India’s office real estate sector is witnessing a strong recovery and structural shift in 2025, fuelled by sustained demand from Global Capability Centres (GCCs), healthy domestic corporate expansion, and a growing preference for quality Grade‑A office space. Across major cities from Bengaluru to Hyderabad and the Mumbai Metropolitan Region (MMR), vacancy rates are tightening, and rental values are on the rise, signaling investor confidence and robust occupier activity in a market that had grappled with pandemic‑era challenges.
According to the CREDAI‑CRE Matrix India Office Report for Q2 CY’25, vacancy rates in the office market have declined significantly as demand continues to outpace supply, backed by strong tenant interest and healthy absorption across key hubs.
Key Takeaways
1. India’s office vacancy has declined to 14.7%
The overall office vacancy rate in India fell to 14.7% in H1 CY’25, reflecting a tightened market where occupier demand is absorbing new and existing space more quickly than it is coming to market. This improvement is supported by robust absorption of 34.5 million sq ft of office space in H1 CY’25.
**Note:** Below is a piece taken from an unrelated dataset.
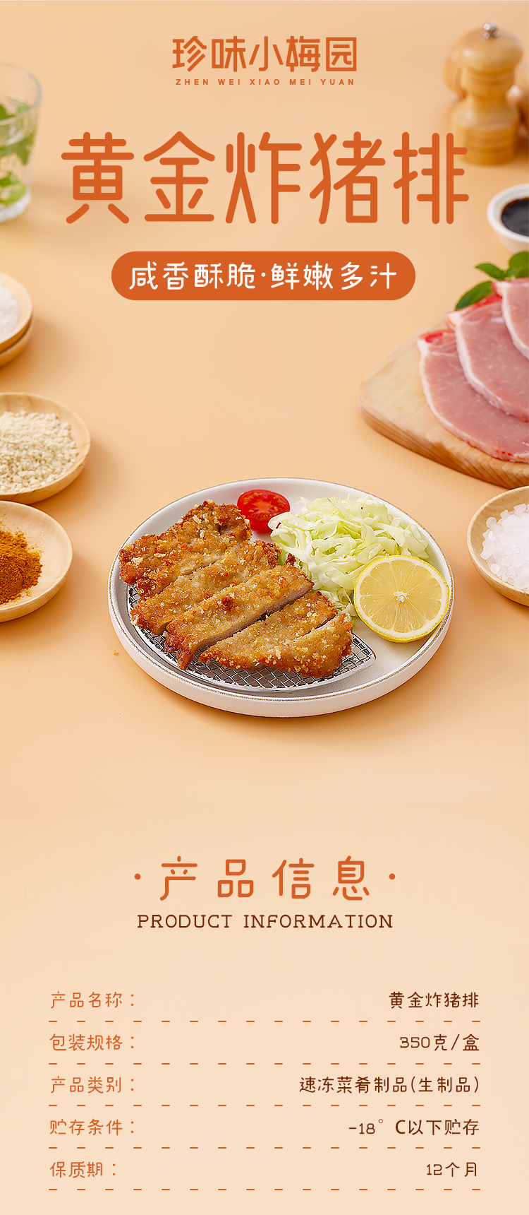 【积分享兑】珍味小梅园 黄金大猪排片350g*1盒半成品冷冻油炸猪扒肉【冷链物流】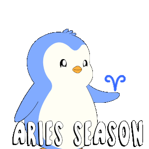A cute blue and white penguin celebrates Aries season, with the Aries zodiac symbol and text 'ARIES SEASON'.

2. 28.8 msf of new supply added in H1, with Pune contributing nearly 30%
Despite the strong leasing momentum, the market saw 28.8 million sq ft of new office supply in H1 CY’25, with Pune emerging as a key contributor — accounting for almost 30% of the new completions. The influx of fresh stock highlights continued development activity, especially in emerging micro‑markets outside the traditional metros.
3. Hyderabad is set to overtake MMR in office stock
One of the most striking trends in 2025 is Hyderabad’s rapid growth trajectory. The CREDAI‑CRE Matrix report notes that Hyderabad’s office stock is poised to overtake that of the MMR by the next quarter, underlining the city’s emerging role as a major office destination driven by IT/ITeS, services, and flexible workspace growth.
4. Pan‑India rentals climbed to ₹90.7 psf/month
Along with tightening vacancy, rental values across India’s office markets have climbed, with pan‑India averages rising to around ₹90.7 per sq ft per month — a reflection of landlords’ strengthened pricing power amid strong occupier demand.
What’s Driving the Office Market Upturn?
Strong occupier demand and steady business expansion are driving leasing activity across key office markets. This is tightening vacancies and strengthening rental values across cities.
GCC Expansion and Strong Domestic Demand
A central theme across recent reports is the significant contribution of Global Capability Centres (GCCs) to office leasing activity. GCCs, representing multinational service and technology centres, continue to expand their footprint in Indian cities. This has driven substantial absorption volumes and lowered vacancy. The trend is supported by India’s cost competitiveness, large talent pool, and favourable business environment.
Occupier Diversity and Sectoral Strength
Leasing activity is broad‑based — with IT/ITeS, BFSI (banking, financial services and insurance), and co‑working/flexible office models contributing significantly to demand. The diversified demand base has helped sustain absorption across cyclical variations, and flexible workspace continues to gain traction, especially in Hyderabad.
Emerging Cities and Supply Growth
While traditional hubs like Bengaluru, MMR, and Delhi‑NCR remain major contributors to demand, secondary and emerging markets — such as Pune and Hyderabad — are increasingly shaping supply dynamics. Pune’s strong addition of new stock and Hyderabad’s rapid growth reflect shifting preferences and infrastructure‑led expansion.
Rental Resilience
With vacancy rates shrinking and demand robust, landlords have been able to push rental values higher. Cities such as Delhi and Mumbai continue to command premium rents, contributing to the overall pan‑India rental increase.
City‑Level Snapshots
- Bengaluru continues to lead leasing activity thanks to strong tech and GCC demand.
- Delhi‑NCR remains a key market with ongoing corporate and BFSI leasing.
- Hyderabad’s rapid office stock build‑out signals its rise as a major corporate hub.
- Pune’s emergence as an important supply centre suggests offices are decentralising beyond traditional metros.
Outlook: What’s Next for India’s Office Real Estate?
The current market narrative points to sustained leasing momentum, continued infrastructure‑led expansion in emerging cities, and robust occupier confidence. Vacancy rates are likely to stay tight in the near term, while rental growth could continue as quality Grade‑A space remains in high demand. The ongoing GCC expansion story and domestic corporate growth are expected to remain key drivers of market performance.
In summary, India’s office market in 2025 exemplifies not just a post‑pandemic rebound — but a structural transformation rooted in diversified demand, new city‑level growth centres, and strengthening fundamentals.